Now that WBS have blocked SMTP servers does that mean I can't send mail with gmail anymore? I tried tonight and wondered why it wasn't working then remembered hearing about this. I've been saying IBurst is good up until now but if this is the case I'm looking for another ISP.

 

[MrH]

Gmail is working fine, maybe you had a bad signal when you tried.

 

[Azgard]

I can get into gmail and receive mail fine, signal at full as always. But none of my sent messages go through, I tried sending one to my email forwarding account to test and it didn't go through. But sent one to my gmail account from WBS webmail and it works fine :/

 

[MrH]

Thats weird and I just tried now from my webmail (not wbs webmail) to gmail and it's working fine. Maybe it has something to do with the wbs webmail account.

Also worked from gmail to webmail.

 

[MrH]

Just tried again now and it's not working in either direction.

Did a test from gmail to gmail and that works.

Also did a test from webmail to webmail and that also works.

Seems to be a problem between the two of them for some reason.

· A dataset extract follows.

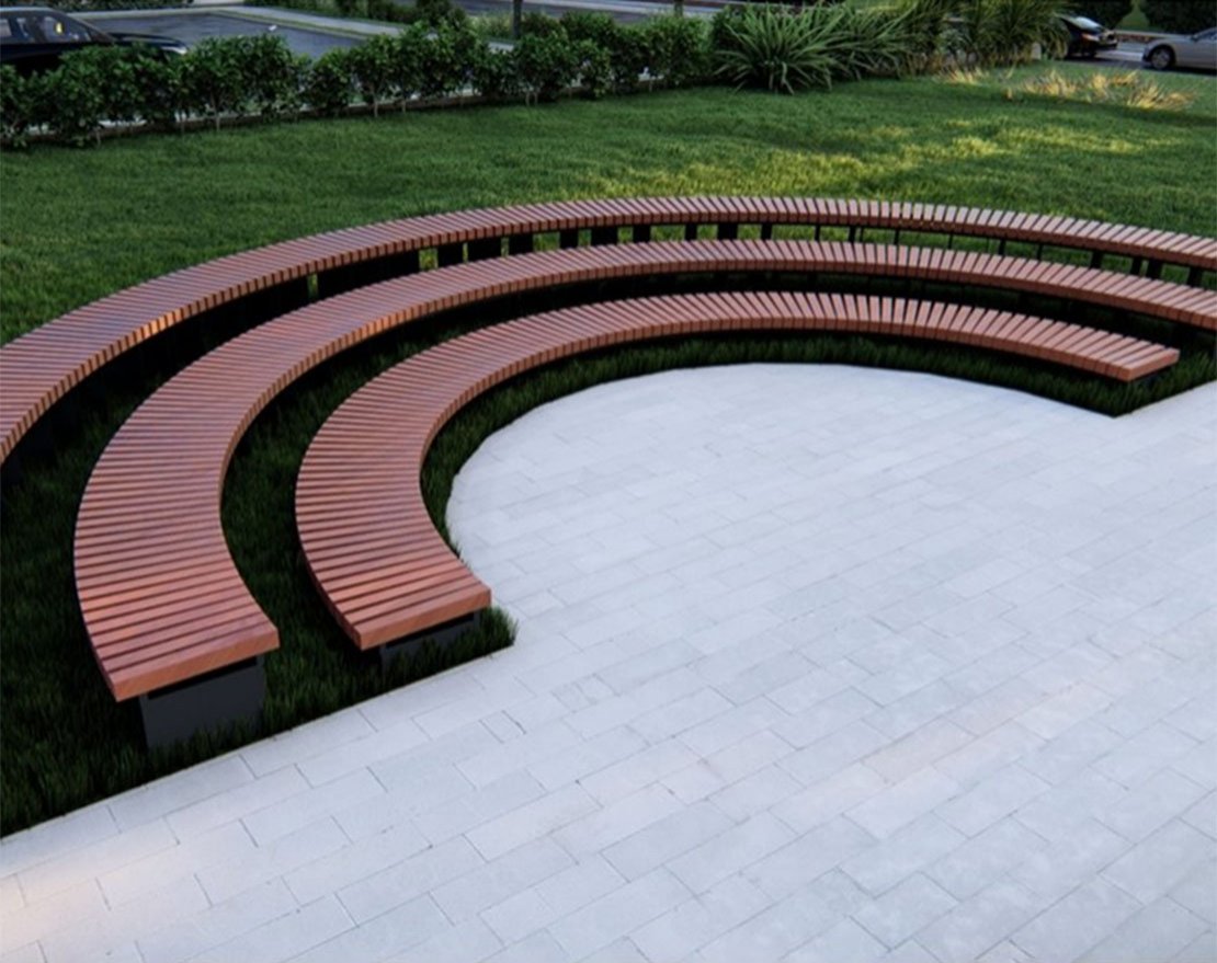 Радиус рассчитывается по внешней стороне скамейки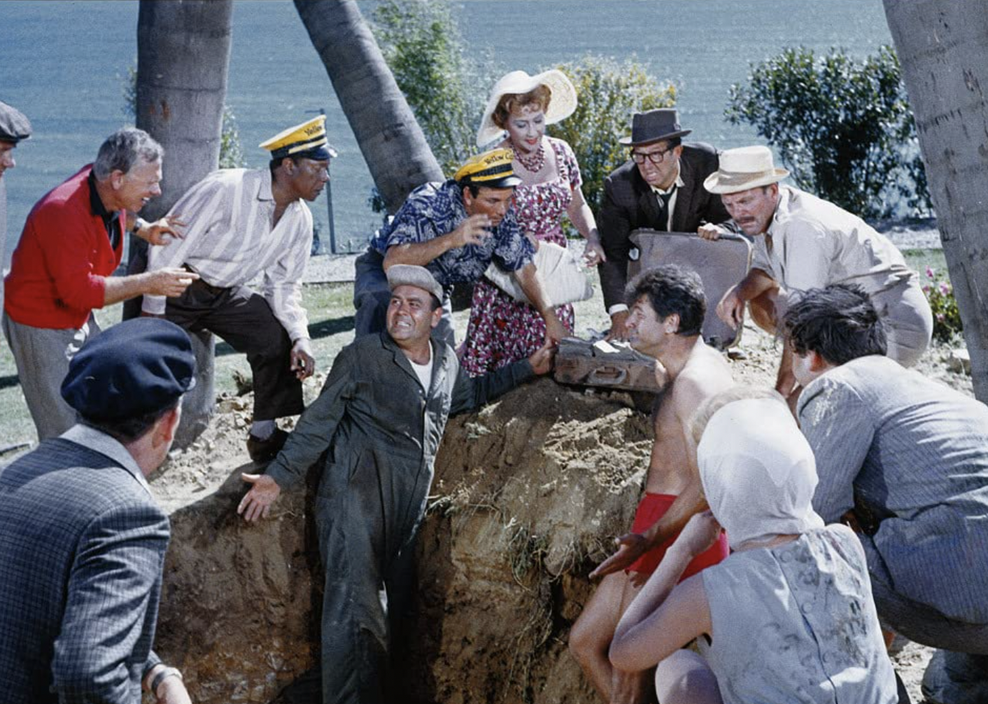 The cast of “It’s a Mad, Mad, Mad, Mad World” in a scene from the film

maybe someone else can do tests from other email providers to see if that works.

 

[TheRoDent]

You won't be able to use GMail's SMTP service any more. You have to relay through smtp.wbs.co.za, by changing your SMTP server for your gmail account in e.g. Outlook Express.

If you're lucky, and WBS's mail server feels like it, it might go through. However direct SMTP'ing via gmail is over.

 

[MrH]

If thats the case then as much as I like iburst speed I can't see me putting up with this cr@p for too much longer.

 

[slimothy]

i'm not sure about this whole thing, because i tried hotmail and it worked and then it didnt and then it did but took a long time, so either they're still playing with it or some servers are excempt, which i doubt

 

[regardtv]

Supposedly some mail servers will be exempt....

Just wish they went the maps route....grrrr

 

[seburn]

Anyone else only allowed to send 2mb using forced wbs smtp. I got a rejection reply.

 

[GRES]

Sending hundreeds of E-mails with 2 - 15Mb size. No problem at all. Was problem to recieve such mail from USA-based server but now it's fixed.
IMHO you recipient mailbox has restriction.